Divorce -When we first saw the trailer for “Divorce,” the initial thought that entered our mind was that maybe this would be a tongue-in-cheek comedy, a chance to see Sarah Jessica Parker break away from Carrie Bradshaw into a different sort of character study. Our feeling was that of excitement.

After watching the debate play out, that said feeling may have shifted ever so slightly into that of depression. This was a premiere episode that was funny at times, but also incredibly sad at others. Nobody on this show is establishing themselves as particularly likable: We’ve got a husband passive-aggressively bashing his wife during a birthday toast, said wife later shooting at him, Parker’s Frances cheating on Robert (Thomas Haden Church) both before and after telling him that she wants a divorce, and then Robert locking her out of the house when he hears about it.

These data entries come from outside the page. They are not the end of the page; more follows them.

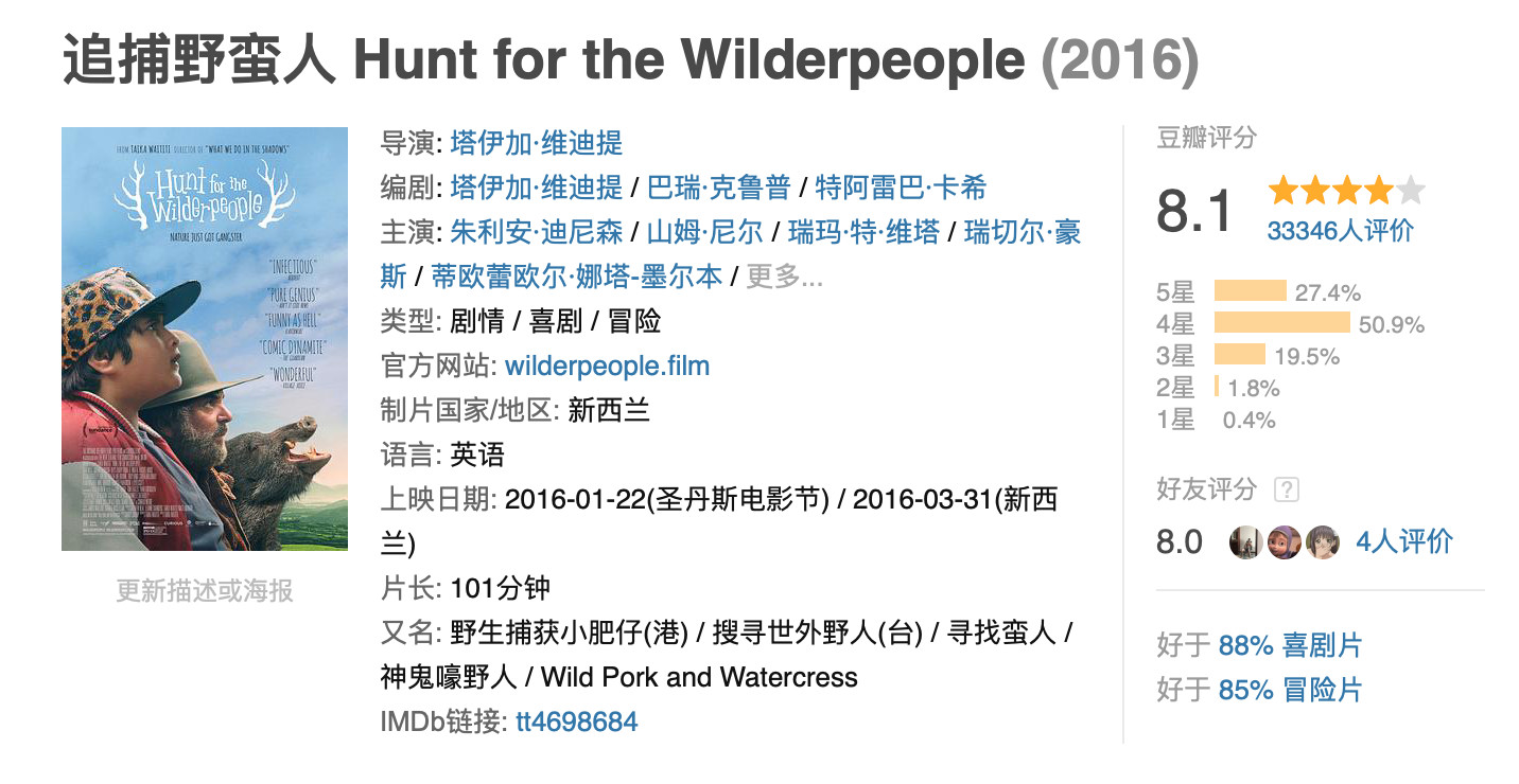 而关于导演塔伊加·维迪提,除了众所周知的《雷神3》,早在2016年,由他执导的儿童片《追捕野蛮人》目前豆瓣评分仍高达8.1。
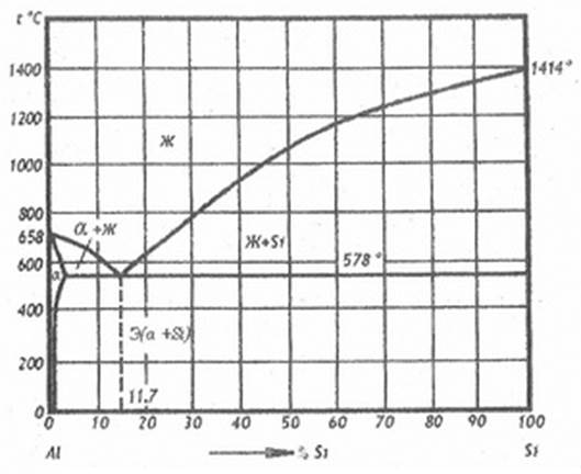 Рис. 9 Диаграмма состояния системы Al – Si.
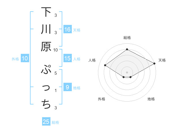 下川原 ぷっちさんを姓名の画数から五運を鑑定

The biggest strength of “Divorce” is in its reality. There are plenty of unlikable people out there who think and act this way, especially when you start to settle in to a life and realize you’re unhappy with it. This show tries its best to reflect that with mustache jokes here and there thrown in. There are situations and feelings that some out there can relate to. Yet, at the same time is it too close to reality? People watch television more to avoid the conflicts of life, and this may remind you of almost every relationship disagreement you’ve ever had. The closest comparison we can draw is between this show and “Girls,” which also features characters who are often not likable, but over time, you start to appreciate many of them because of their flaws. If “Divorce” eventually makes it to that point, there may be a time where we sit back, watch this pilot, and realize that it was going to an incredibly enjoyable place.

Episode Grade: B-. For now, we’d say that the pilot episode didn’t do enough to really make us invested in this world, and while it was grounded at times, it also went over-the-top at others, such as the whole shooting situation. There is humor to be found here, but it needs more time to breathe. Maybe the upcoming episodes will accomplish that now that the exposition is set in stone.